## What you will do
Scan the records below for the line with "År 879 dog den" and the line with "Roco H0 Güterwagen". Repeat those two lines and every line between them exactly, and nothing else.

## Extracted data
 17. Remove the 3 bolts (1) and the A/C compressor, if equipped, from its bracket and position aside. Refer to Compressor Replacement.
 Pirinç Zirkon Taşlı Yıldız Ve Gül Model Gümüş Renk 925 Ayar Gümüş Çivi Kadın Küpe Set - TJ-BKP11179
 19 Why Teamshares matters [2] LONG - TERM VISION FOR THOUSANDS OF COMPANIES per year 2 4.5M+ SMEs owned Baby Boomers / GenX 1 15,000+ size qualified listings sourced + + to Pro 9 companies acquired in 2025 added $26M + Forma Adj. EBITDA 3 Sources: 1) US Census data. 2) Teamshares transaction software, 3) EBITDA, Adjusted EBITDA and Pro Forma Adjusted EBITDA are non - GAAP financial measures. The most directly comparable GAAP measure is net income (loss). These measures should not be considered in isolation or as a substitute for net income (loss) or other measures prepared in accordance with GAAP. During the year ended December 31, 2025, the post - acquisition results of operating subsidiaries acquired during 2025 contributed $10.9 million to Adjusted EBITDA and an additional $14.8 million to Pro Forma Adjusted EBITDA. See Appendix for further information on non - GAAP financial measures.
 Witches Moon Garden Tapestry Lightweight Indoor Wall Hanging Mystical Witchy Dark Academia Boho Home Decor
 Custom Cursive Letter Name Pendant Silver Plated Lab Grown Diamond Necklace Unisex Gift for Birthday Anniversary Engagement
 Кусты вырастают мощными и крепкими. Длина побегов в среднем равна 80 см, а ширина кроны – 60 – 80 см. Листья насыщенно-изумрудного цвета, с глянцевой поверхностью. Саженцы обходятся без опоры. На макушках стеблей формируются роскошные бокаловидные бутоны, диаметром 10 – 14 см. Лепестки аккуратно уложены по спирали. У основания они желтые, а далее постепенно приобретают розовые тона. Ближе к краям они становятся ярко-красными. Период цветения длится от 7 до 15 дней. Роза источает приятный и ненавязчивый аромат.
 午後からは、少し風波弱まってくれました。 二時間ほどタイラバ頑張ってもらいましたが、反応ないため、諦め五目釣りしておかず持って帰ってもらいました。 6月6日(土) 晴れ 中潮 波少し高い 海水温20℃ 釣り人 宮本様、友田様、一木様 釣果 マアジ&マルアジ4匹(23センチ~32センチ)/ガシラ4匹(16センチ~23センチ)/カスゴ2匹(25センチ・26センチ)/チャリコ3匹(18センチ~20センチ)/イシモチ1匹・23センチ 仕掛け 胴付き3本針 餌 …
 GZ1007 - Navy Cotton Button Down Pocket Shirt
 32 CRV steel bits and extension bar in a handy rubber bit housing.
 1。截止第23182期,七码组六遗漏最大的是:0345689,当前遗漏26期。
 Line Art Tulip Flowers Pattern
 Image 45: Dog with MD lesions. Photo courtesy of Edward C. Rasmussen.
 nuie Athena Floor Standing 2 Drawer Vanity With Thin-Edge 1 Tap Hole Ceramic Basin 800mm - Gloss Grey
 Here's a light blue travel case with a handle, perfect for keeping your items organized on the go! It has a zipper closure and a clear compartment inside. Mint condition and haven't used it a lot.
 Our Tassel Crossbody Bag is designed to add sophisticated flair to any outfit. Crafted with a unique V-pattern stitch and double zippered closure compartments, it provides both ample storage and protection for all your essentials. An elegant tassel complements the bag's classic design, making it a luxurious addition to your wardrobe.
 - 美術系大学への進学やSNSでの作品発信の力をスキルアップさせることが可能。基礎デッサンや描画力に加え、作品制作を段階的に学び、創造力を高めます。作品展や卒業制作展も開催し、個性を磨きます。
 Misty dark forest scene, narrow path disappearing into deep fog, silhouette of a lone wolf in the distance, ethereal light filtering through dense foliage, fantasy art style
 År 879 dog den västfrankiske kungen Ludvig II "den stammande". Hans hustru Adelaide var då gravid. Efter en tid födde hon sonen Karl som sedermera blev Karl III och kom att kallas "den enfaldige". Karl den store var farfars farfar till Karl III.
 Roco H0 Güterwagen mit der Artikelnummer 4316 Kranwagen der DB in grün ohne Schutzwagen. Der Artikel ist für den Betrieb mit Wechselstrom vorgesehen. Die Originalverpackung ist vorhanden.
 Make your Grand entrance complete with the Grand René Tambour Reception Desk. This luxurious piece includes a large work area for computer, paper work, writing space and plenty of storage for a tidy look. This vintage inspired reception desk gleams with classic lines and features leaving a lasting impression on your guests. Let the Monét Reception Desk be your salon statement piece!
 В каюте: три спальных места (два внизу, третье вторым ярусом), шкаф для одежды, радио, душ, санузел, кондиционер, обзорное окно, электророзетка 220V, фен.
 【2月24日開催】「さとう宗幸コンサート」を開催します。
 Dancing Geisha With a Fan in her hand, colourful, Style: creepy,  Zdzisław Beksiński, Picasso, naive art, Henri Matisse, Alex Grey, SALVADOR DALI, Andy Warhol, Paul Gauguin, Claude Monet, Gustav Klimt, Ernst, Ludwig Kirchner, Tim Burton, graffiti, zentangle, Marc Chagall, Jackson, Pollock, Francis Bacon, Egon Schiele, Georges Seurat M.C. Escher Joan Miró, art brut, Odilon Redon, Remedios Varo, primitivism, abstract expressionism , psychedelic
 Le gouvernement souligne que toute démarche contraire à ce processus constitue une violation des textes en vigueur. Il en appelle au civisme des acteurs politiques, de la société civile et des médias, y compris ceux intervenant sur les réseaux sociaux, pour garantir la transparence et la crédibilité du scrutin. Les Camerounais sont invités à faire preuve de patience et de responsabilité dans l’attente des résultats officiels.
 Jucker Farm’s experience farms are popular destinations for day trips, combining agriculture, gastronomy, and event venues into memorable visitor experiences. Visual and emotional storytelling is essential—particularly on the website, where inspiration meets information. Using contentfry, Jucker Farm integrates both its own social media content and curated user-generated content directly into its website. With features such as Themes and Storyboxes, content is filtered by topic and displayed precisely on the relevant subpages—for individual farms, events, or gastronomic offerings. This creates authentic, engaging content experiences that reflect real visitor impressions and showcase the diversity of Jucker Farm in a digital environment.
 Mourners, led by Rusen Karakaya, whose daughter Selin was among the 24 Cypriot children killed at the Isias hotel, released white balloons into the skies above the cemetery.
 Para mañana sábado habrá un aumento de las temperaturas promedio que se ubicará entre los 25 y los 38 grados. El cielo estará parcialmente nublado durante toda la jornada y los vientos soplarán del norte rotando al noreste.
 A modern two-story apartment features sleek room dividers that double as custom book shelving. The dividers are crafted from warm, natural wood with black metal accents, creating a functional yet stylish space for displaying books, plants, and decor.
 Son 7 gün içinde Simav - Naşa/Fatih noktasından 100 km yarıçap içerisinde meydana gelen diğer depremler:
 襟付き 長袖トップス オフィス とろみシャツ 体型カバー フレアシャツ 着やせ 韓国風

## Answer box
 År 879 dog den västfrankiske kungen Ludvig II "den stammande". Hans hustru Adelaide var då gravid. Efter en tid födde hon sonen Karl som sedermera blev Karl III och kom att kallas "den enfaldige". Karl den store var farfars farfar till Karl III.
 Roco H0 Güterwagen mit der Artikelnummer 4316 Kranwagen der DB in grün ohne Schutzwagen. Der Artikel ist für den Betrieb mit Wechselstrom vorgesehen. Die Originalverpackung ist vorhanden.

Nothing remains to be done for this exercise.